- _TO DO_:
Begin at the line below that holds "prueba a apagar" and end at the line that holds "ทั้งศิลปิน นักออกแบบ และผู้ที่หลงใหลในโลกของอาร์ตทอย", transcribing each line exactly and skipping any picture.

- _MATERIAL SHOWN_:
■ ■ ■ ■

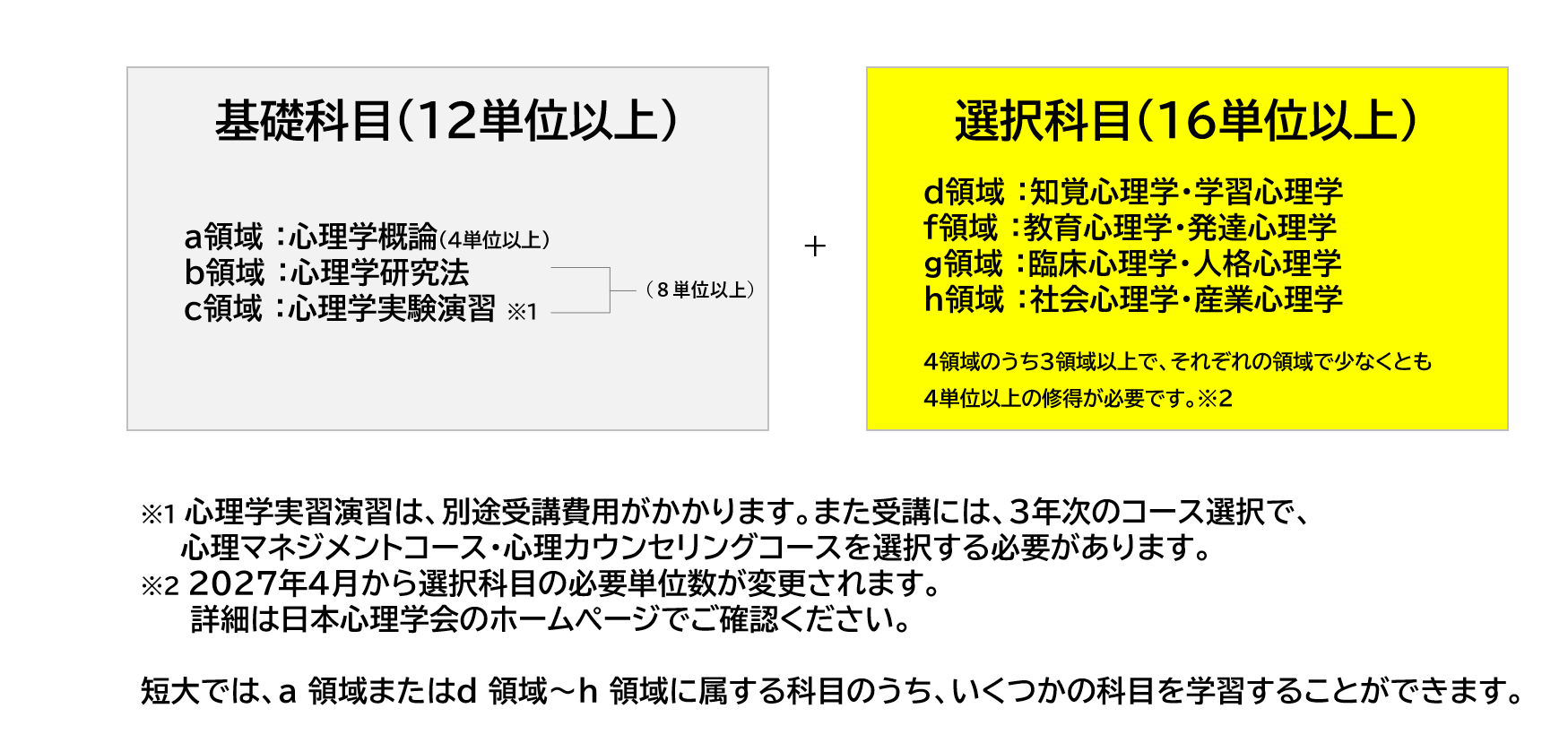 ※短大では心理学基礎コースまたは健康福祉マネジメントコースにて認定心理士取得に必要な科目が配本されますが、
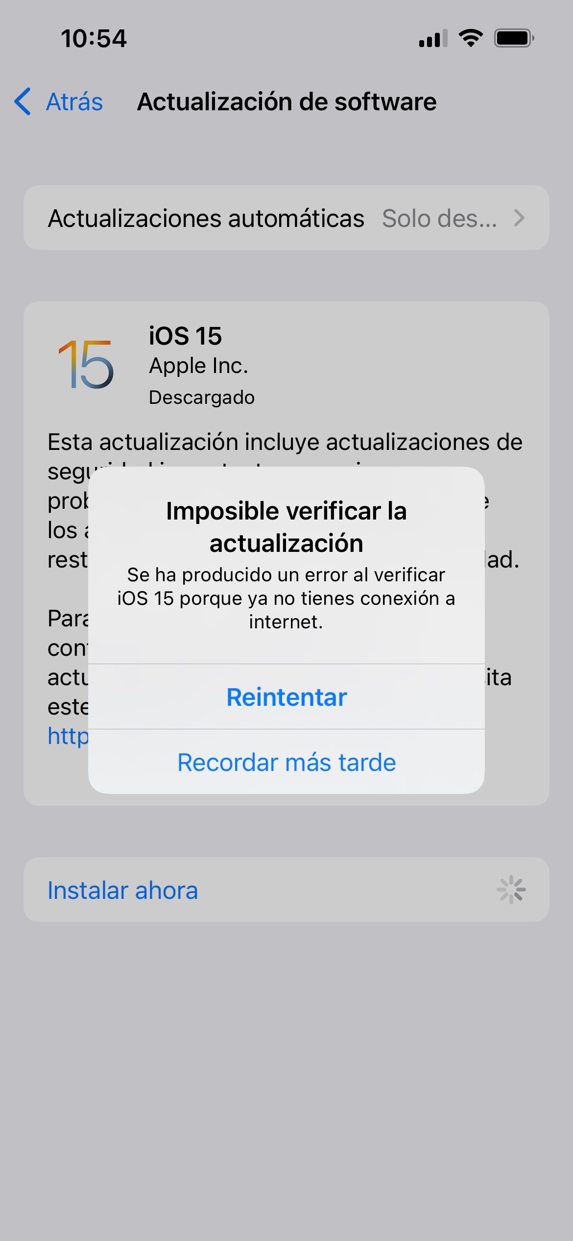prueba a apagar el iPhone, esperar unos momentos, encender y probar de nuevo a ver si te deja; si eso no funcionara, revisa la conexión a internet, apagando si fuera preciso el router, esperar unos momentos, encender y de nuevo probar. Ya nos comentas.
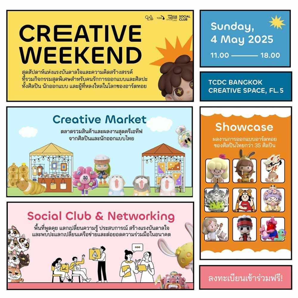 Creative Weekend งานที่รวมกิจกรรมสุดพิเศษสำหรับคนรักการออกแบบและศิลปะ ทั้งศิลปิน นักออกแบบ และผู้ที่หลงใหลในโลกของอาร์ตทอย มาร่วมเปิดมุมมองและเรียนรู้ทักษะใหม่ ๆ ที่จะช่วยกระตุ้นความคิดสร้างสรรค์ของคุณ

■ ■ ■ ■

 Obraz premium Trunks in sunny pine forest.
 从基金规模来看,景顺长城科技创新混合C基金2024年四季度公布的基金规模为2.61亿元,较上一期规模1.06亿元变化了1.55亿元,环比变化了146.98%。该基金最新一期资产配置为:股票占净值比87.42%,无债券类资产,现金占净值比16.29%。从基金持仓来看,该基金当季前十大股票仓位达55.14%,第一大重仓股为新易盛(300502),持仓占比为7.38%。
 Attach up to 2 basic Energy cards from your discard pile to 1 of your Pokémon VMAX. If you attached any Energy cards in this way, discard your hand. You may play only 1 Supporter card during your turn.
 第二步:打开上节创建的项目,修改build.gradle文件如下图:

■ ■ ■ ■

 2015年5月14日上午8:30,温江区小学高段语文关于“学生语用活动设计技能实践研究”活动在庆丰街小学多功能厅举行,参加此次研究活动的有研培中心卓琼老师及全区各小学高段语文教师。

■ ■ ■ ■

- _SOLUTION TO THE PROBLEM_:
prueba a apagar el iPhone, esperar unos momentos, encender y probar de nuevo a ver si te deja; si eso no funcionara, revisa la conexión a internet, apagando si fuera preciso el router, esperar unos momentos, encender y de nuevo probar. Ya nos comentas.
 Creative Weekend งานที่รวมกิจกรรมสุดพิเศษสำหรับคนรักการออกแบบและศิลปะ ทั้งศิลปิน นักออกแบบ และผู้ที่หลงใหลในโลกของอาร์ตทอย มาร่วมเปิดมุมมองและเรียนรู้ทักษะใหม่ ๆ ที่จะช่วยกระตุ้นความคิดสร้างสรรค์ของคุณ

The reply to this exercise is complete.